### Exercise
With the exception of the pictures, transcribe the entire listing exactly.

### Data block
******************************

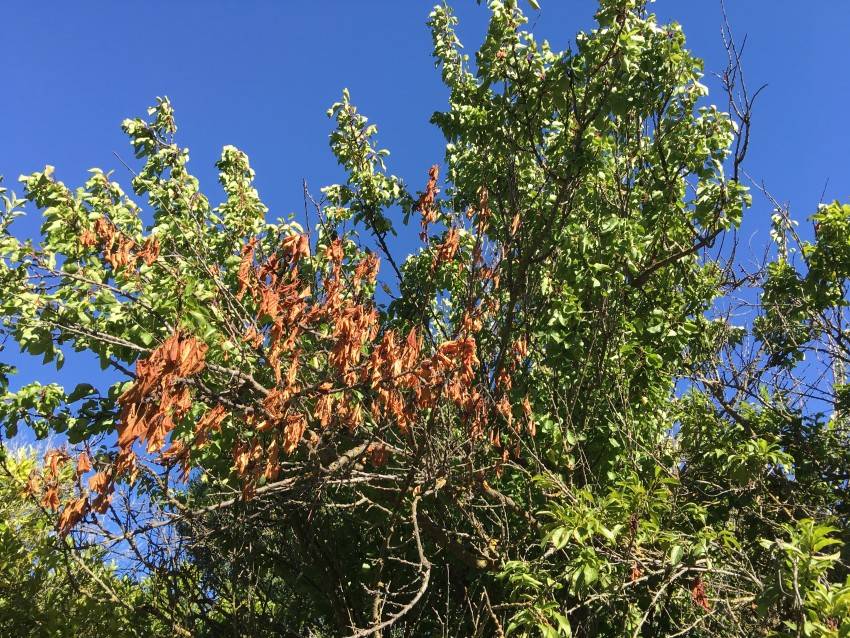 Абрикосы страдают от монилиального ожога, который стремительно распространяется, уничтожая цветы, листья, завязь. Болезнь возникает при заражении патогенными грибками.
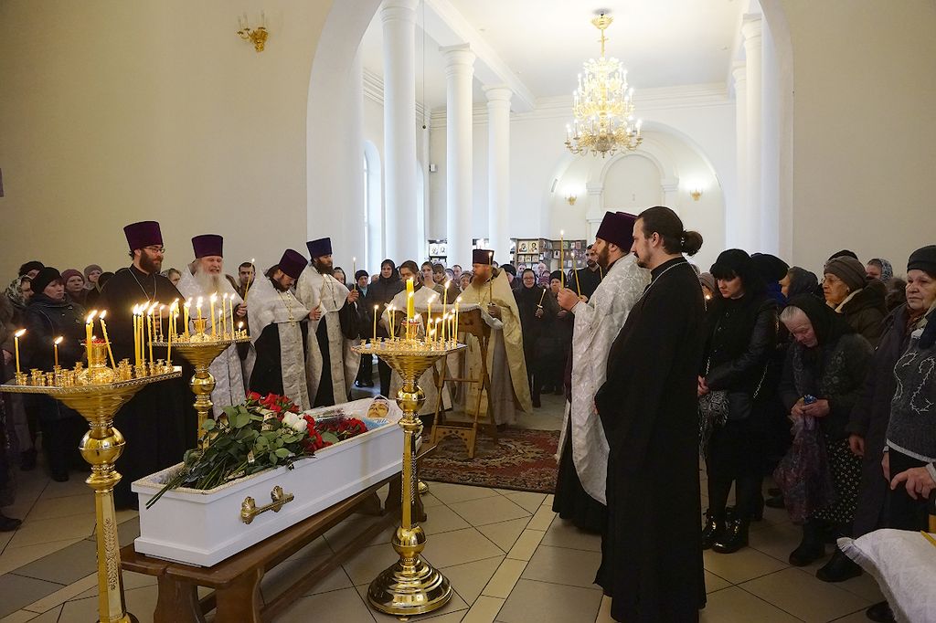 После литургии благочинный Вольского округа протоиерей Илия Кузнецов в сослужении Вольского духовенства совершил чин отпевания. Многочисленные прихожане г.Вольска и с.Черкасское собрались в этот день в Троицком соборе, чтобы помолиться об упокоении новопреставленной матушки Елены Лошкаревой и проводить ее в последний путь.
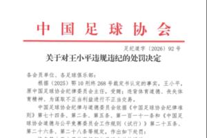 体育资讯01月29日讯 中国足协公布足球行业“假赌黑”处罚决定,原中国足球协会纪律委员会主任王小平受贿,进行不正当交易,终身禁止从事任何与足球有关的活动。

******************************

### Answer to this exercise
 Абрикосы страдают от монилиального ожога, который стремительно распространяется, уничтожая цветы, листья, завязь. Болезнь возникает при заражении патогенными грибками.
 После литургии благочинный Вольского округа протоиерей Илия Кузнецов в сослужении Вольского духовенства совершил чин отпевания. Многочисленные прихожане г.Вольска и с.Черкасское собрались в этот день в Троицком соборе, чтобы помолиться об упокоении новопреставленной матушки Елены Лошкаревой и проводить ее в последний путь.
 体育资讯01月29日讯 中国足协公布足球行业“假赌黑”处罚决定,原中国足球协会纪律委员会主任王小平受贿,进行不正当交易,终身禁止从事任何与足球有关的活动。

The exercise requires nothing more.